TASK TO COMPLETE ▸ What you return should match the material below line for line, except that no image appears in it.

GIVEN DATA ▸
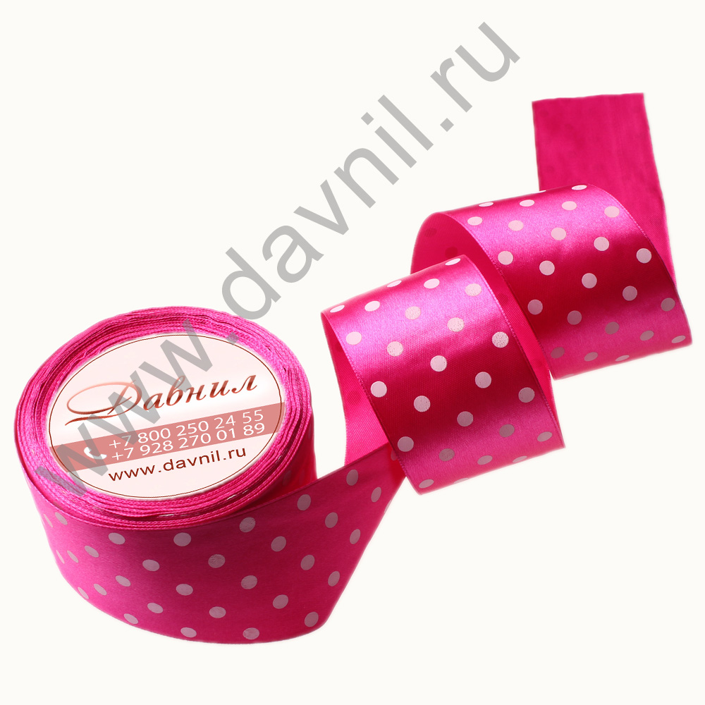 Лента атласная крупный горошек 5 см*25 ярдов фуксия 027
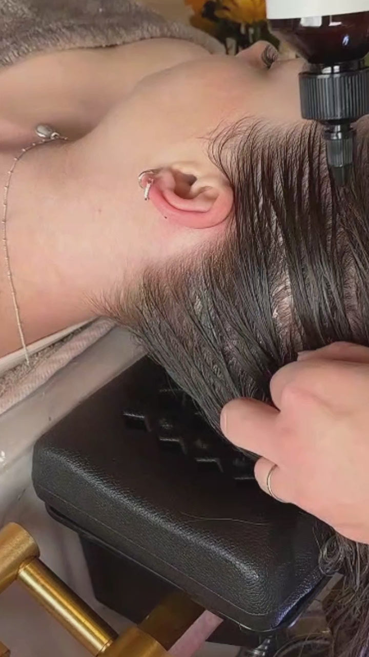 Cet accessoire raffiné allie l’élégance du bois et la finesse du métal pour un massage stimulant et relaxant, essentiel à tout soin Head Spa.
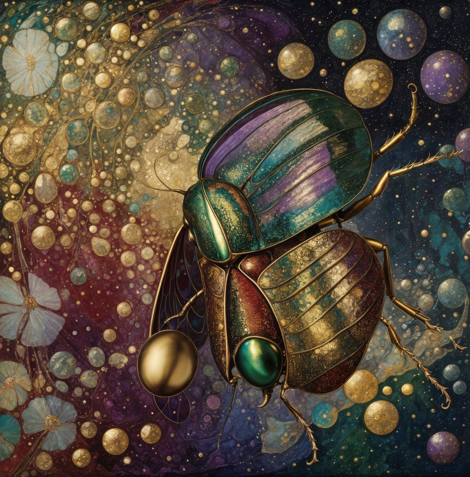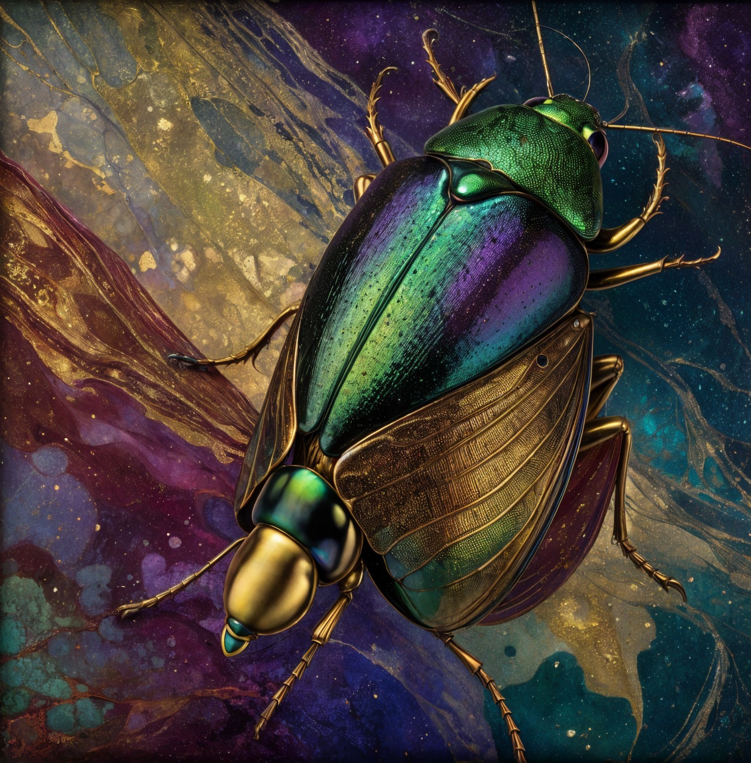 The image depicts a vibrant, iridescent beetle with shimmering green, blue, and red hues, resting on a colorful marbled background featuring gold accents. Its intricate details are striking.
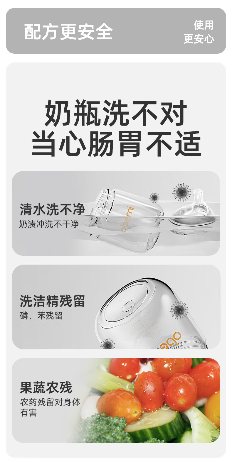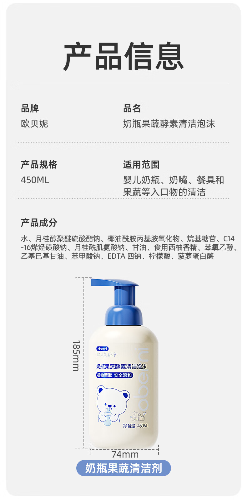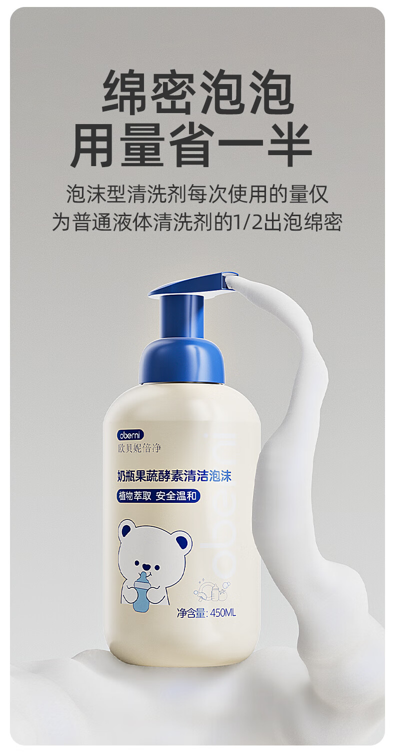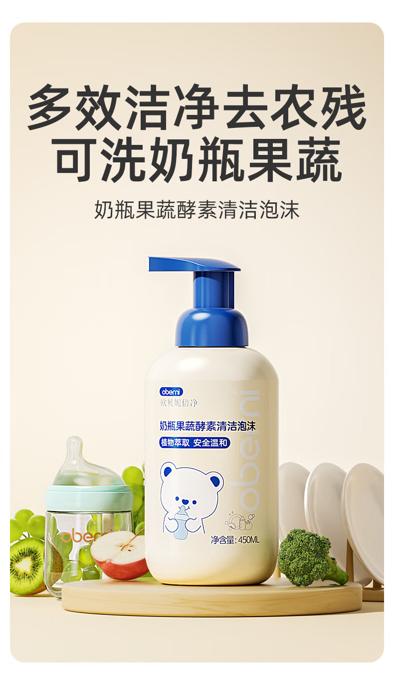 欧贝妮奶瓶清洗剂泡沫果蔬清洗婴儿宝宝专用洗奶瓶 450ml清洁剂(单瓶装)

THE COMPLETED TASK ▸
 Лента атласная крупный горошек 5 см*25 ярдов фуксия 027
 Cet accessoire raffiné allie l’élégance du bois et la finesse du métal pour un massage stimulant et relaxant, essentiel à tout soin Head Spa.
 The image depicts a vibrant, iridescent beetle with shimmering green, blue, and red hues, resting on a colorful marbled background featuring gold accents. Its intricate details are striking.
 欧贝妮奶瓶清洗剂泡沫果蔬清洗婴儿宝宝专用洗奶瓶 450ml清洁剂(单瓶装)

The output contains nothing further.